Adivina, creo. Adivina qué voy a hacer ahora.
Creo que va con Ella va a intentar chuparme la polla, porque se aleja tras un momento de reticencia, llamándome mala chica mientras lo hace. También hace un esfuerzo por convertir sus palabras en un verdadero reproche, pero vacilan demasiado para ello. Hay una nota ascendente y descendente en ellas que suena un poco a risa y mucho a excitación.
Lo quiero por esas cosas gemelas. Van tan bien juntas, aunque nunca pensé que lo harían. Tiene una sonrisa brillante y afilada como un cuchillo curvado, y cuando me la enseña haría cualquier cosa. Abriría mi coño para él, mi culo, cualquier cosa, lo que él quisiera.
Puedo saber lo que quiere, ahora mismo. Dice, con voz ronca, "Adivina qué es esto".
Y resisto el impulso de quejarme. Oigo cómo su mano se desliza sobre su polla, de un lado a otro, de un lado a otro, y sé lo que va a pasar. Se va a correr encima de mí, antes de que hayamos llegado a la mitad del juego.
No tiene autocontrol. Le llamaría decepcionante, pero también sabe lo mucho que me gusta oírle hacer de las suyas. Está gimiendo antes de llegar a la tercera caricia, y entonces jadea con palabras sucias para que me deleite.

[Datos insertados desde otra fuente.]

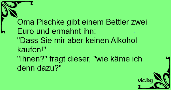 Oma Pischke gibt einem Bettler zwei Euro und ermahnt ihn:

"Oh, Dios, estás muy caliente así atada. Muy caliente. Abre las piernas para que pueda ver tu coño".
En realidad no forma parte del juego, y mis piernas están un poco abiertas de todos modos, pero lo hago igualmente. Las abro todo lo que puedo, y entonces me lo imagino mirando hambriento mis pliegues brillantes, porque, por Dios, siempre están brillantes. Siento mi humedad deslizándose por la raja de mi culo, y todo allí abajo se siente pegajoso e hinchado.

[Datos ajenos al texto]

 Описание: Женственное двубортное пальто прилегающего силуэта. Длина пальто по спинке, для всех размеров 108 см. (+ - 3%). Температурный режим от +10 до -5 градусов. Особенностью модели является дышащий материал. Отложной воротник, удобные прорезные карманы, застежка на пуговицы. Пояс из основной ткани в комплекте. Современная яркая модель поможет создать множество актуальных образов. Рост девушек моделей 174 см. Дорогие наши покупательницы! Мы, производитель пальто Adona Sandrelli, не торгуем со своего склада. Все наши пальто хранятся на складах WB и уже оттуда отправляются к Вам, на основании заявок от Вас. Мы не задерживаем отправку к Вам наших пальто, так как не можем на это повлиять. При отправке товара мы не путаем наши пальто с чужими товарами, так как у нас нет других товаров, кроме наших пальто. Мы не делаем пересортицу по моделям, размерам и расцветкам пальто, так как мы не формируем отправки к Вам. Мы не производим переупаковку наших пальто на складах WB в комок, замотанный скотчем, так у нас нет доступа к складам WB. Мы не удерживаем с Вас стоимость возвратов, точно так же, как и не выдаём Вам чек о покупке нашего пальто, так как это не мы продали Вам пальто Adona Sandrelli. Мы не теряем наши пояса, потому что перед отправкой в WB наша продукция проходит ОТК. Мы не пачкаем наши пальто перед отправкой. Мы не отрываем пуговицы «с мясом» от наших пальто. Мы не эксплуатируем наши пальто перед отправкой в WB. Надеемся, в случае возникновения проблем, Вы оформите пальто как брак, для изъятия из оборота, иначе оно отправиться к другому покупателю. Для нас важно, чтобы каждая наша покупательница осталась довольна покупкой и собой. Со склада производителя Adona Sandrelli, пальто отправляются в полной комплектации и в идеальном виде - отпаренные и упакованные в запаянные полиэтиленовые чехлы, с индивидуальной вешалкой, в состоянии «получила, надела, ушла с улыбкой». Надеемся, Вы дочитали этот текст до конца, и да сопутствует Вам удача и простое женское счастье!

Aunque no pudiera decirlo yo misma, lo sabría por su reacción. Gruñe, guturalmente, y ese resbaladizo sonido de desplazamiento se acelera... oh, ¿de verdad cree que no puedo adivinar lo que está haciendo? Espero que entienda que siempre puedo adivinar, cuando se trata de esta cosa en particular. Ni siquiera necesita tocarme.
Siempre sé cuando se está masturbando. En cierto modo es como nos juntamos en primer lugar, porque éramos amigos y un día nos fuimos de acampada, y por casualidad tuvimos que compartir tienda. Pensó que estaba siendo astuto, en la oscuridad, en medio de la noche.
Pero adiviné enseguida lo que estaba haciendo. Lo sabía incluso mientras soñaba, cuando mi mente inconsciente me llevaba por caminos traviesos llenos de tíos buenos que gemían, sin aliento; tíos buenos que se lamían las palmas de las manos y luego daban vueltas a sus grandes y duras pollas... oh. Sí que sabe lo que me gusta.
Podría ser que esta mitad del juego ni siquiera se trate de adivinar, en realidad. Se trata de saber. Saber lo que me hará enloquecer y me hará esforzarme contra las tontas bufandas que tiene alrededor de mis muñecas. Le digo que lo haga más fuerte, más fuerte, pero por supuesto no obedece. Pone la voz baja y tensa, y tengo que luchar para oírle.
"Sí", susurra. "Sí, mira lo mojada e hinchada que estás. Oh, sí, sólo quiero follar ese pequeño y apretado coño".
Es un cabrón... aunque no más cabrón que yo. Le hice adivinar con mi coño en la cara. Le hice adivinar hasta que lloró... aunque sólo porque sé que eso es lo que le gusta.
Estamos demasiado involucrados el uno en el otro para poder jugar bien a este juego, ahora. ¿Por qué adivinar, cuando lo sabes?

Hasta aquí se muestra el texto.